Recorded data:
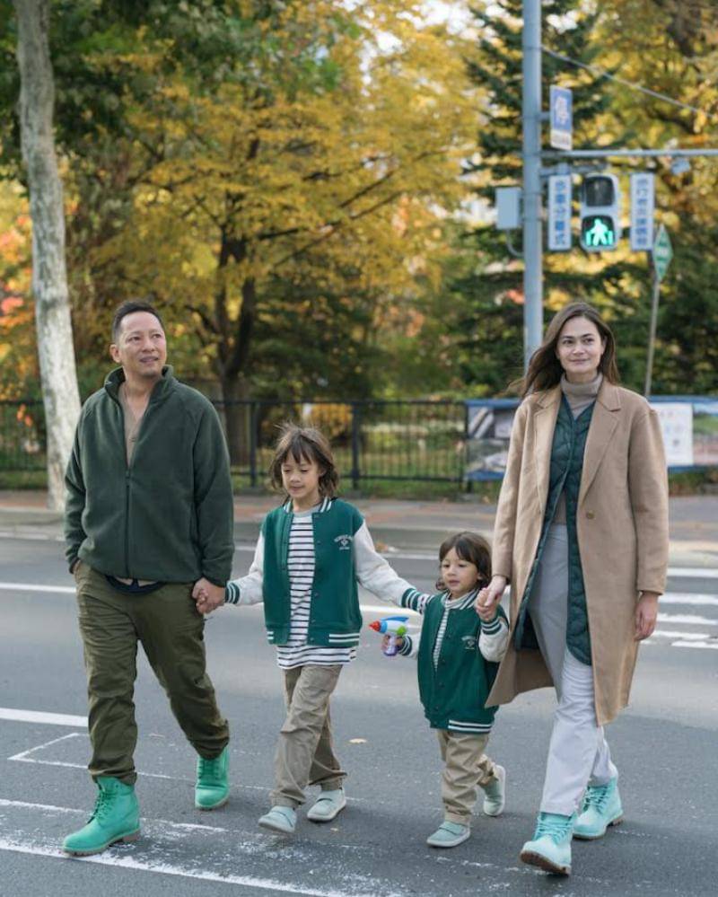 Kamu bisa mengikuti gaya keluarga satu ini dengan memakai outfit berwarna hijau, cokelat, putih, dan hitam.
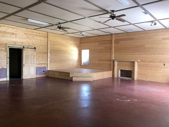Great opportunity to open restaurant, event venue, or shop! Former Legion building features cement floors in large open area. Pine walls and barn doors add tons of character for your business venture. Raised platform in gathering area provides perfect area for band. Front foyer/entrance has half bath off of each side. Large kitchen features stove and fridge. Additional rooms off of gathering area provide extra storage or meeting areas. The possibilities are limitless!!
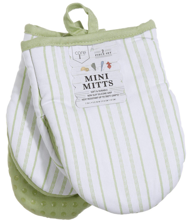 Introducing our 2 Piece Striped Mini Oven Mitts, expertly crafted from 100% cotton for a combination of style and protection. Each mini mitt measures 7 by 5.5 inches, providing a comfortable and secure fit for your hands while handling hot cookware. Designed with heat resistance up to 392 degrees, these mitts ensure your safety during all your cooking and baking endeavors.
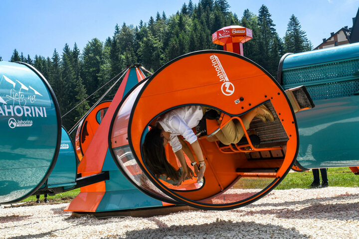Die Kabinen drehen sich im Kreis, rechts oder links - je nach Wahl des Bedieners. Die Passagiere können entscheiden, ob sie es gemächlich angehen oder Turbulenzen erleben möchten. Die Fahrgäste können am Steuerpult wählen, ob sie es gemütlich haben wollen oder ob sie mit einem einfachen Knopfdruck Purzelbäume schlagen, vorwärts, rückwärts oder umkehren wollen - was immer sich am besten anfühlt. Für diejenigen, die eine wilde Fahrt wollen, ist der Himmel die Grenze. Und diejenigen, die sich entspannen wollen, können sich dafür entscheiden, einfach nichts zu tun. Dann gleitet die zweisitzige Kabine einfach sanft dahin.
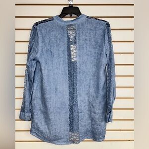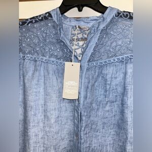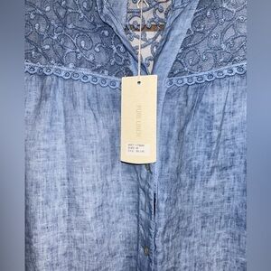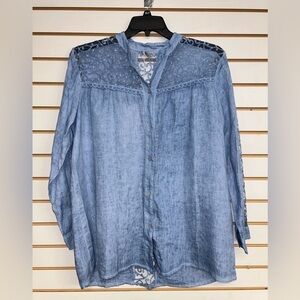 Linen & Lace Bellambra Button Down Blouse - NWT - M - Light Blue Chambray Like

TASK ITEM | Images aside, return each entry above precisely as it stands.

SOLUTION TO THIS TASK |
 Kamu bisa mengikuti gaya keluarga satu ini dengan memakai outfit berwarna hijau, cokelat, putih, dan hitam.
Great opportunity to open restaurant, event venue, or shop! Former Legion building features cement floors in large open area. Pine walls and barn doors add tons of character for your business venture. Raised platform in gathering area provides perfect area for band. Front foyer/entrance has half bath off of each side. Large kitchen features stove and fridge. Additional rooms off of gathering area provide extra storage or meeting areas. The possibilities are limitless!!
 Introducing our 2 Piece Striped Mini Oven Mitts, expertly crafted from 100% cotton for a combination of style and protection. Each mini mitt measures 7 by 5.5 inches, providing a comfortable and secure fit for your hands while handling hot cookware. Designed with heat resistance up to 392 degrees, these mitts ensure your safety during all your cooking and baking endeavors.
Die Kabinen drehen sich im Kreis, rechts oder links - je nach Wahl des Bedieners. Die Passagiere können entscheiden, ob sie es gemächlich angehen oder Turbulenzen erleben möchten. Die Fahrgäste können am Steuerpult wählen, ob sie es gemütlich haben wollen oder ob sie mit einem einfachen Knopfdruck Purzelbäume schlagen, vorwärts, rückwärts oder umkehren wollen - was immer sich am besten anfühlt. Für diejenigen, die eine wilde Fahrt wollen, ist der Himmel die Grenze. Und diejenigen, die sich entspannen wollen, können sich dafür entscheiden, einfach nichts zu tun. Dann gleitet die zweisitzige Kabine einfach sanft dahin.
 Linen & Lace Bellambra Button Down Blouse - NWT - M - Light Blue Chambray Like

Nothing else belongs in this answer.